___ INPUT MATERIAL

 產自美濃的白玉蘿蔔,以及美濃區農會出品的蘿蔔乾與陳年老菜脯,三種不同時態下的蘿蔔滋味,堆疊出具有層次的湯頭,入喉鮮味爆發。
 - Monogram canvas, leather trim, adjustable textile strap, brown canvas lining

______
___ INPUT MATERIAL

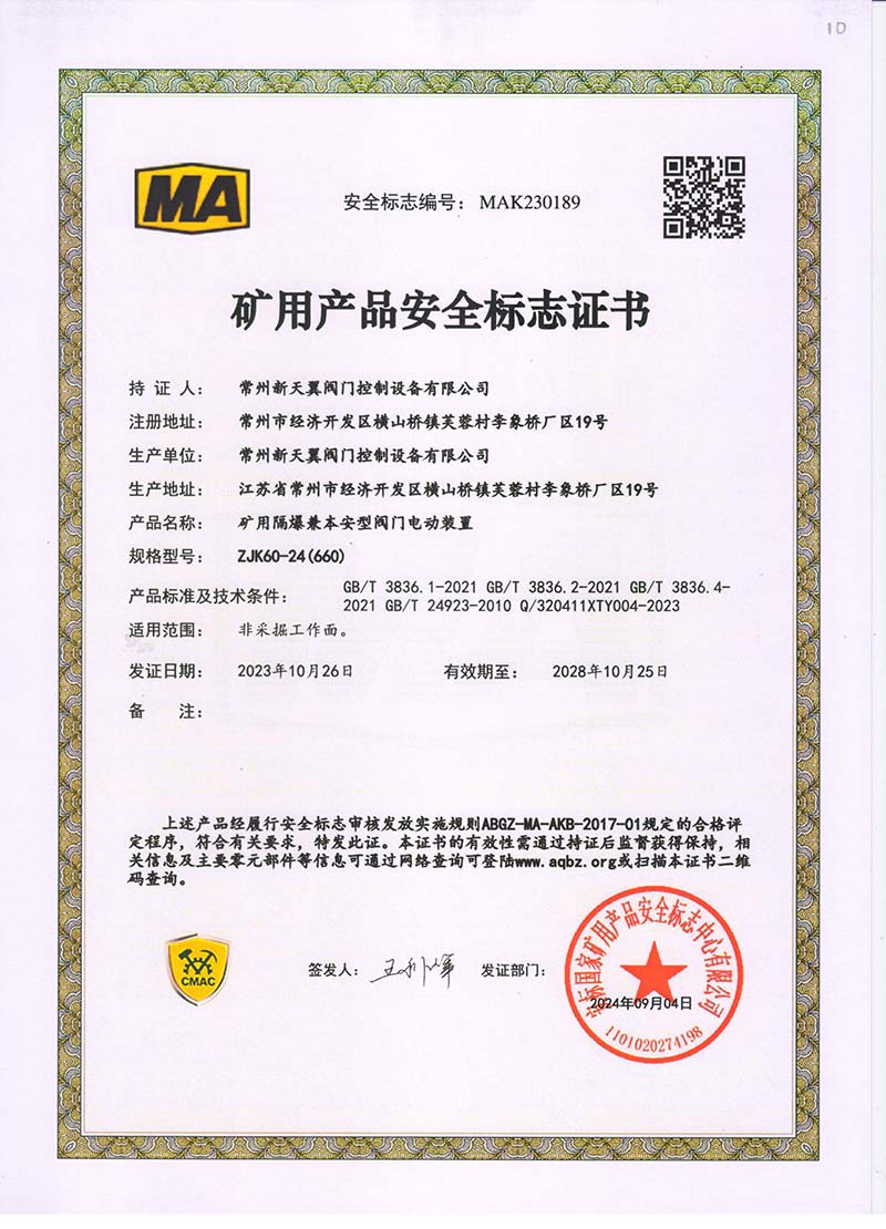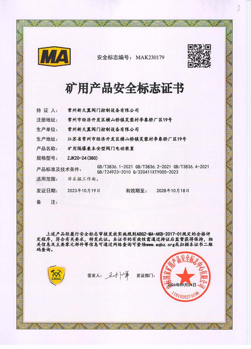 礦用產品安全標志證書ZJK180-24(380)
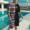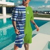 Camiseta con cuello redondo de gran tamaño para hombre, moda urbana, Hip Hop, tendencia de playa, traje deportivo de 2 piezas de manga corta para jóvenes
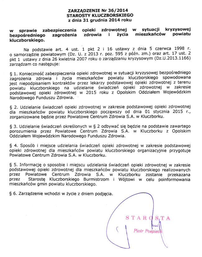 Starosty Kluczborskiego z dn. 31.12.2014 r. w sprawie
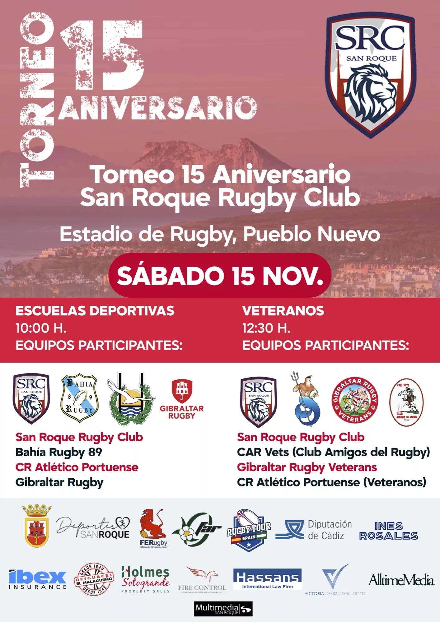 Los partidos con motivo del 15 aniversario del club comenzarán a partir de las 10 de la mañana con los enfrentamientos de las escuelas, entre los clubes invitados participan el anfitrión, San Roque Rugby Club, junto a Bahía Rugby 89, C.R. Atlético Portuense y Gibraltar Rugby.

______

Please return the data above exactly as it stands from the line with "Camiseta con cuello" to the line with "Los partidos con", keeping both of those lines but none of the pictures.

> _SOLUTION TO THIS PROBLEM_:
 Camiseta con cuello redondo de gran tamaño para hombre, moda urbana, Hip Hop, tendencia de playa, traje deportivo de 2 piezas de manga corta para jóvenes
 Starosty Kluczborskiego z dn. 31.12.2014 r. w sprawie
 Los partidos con motivo del 15 aniversario del club comenzarán a partir de las 10 de la mañana con los enfrentamientos de las escuelas, entre los clubes invitados participan el anfitrión, San Roque Rugby Club, junto a Bahía Rugby 89, C.R. Atlético Portuense y Gibraltar Rugby.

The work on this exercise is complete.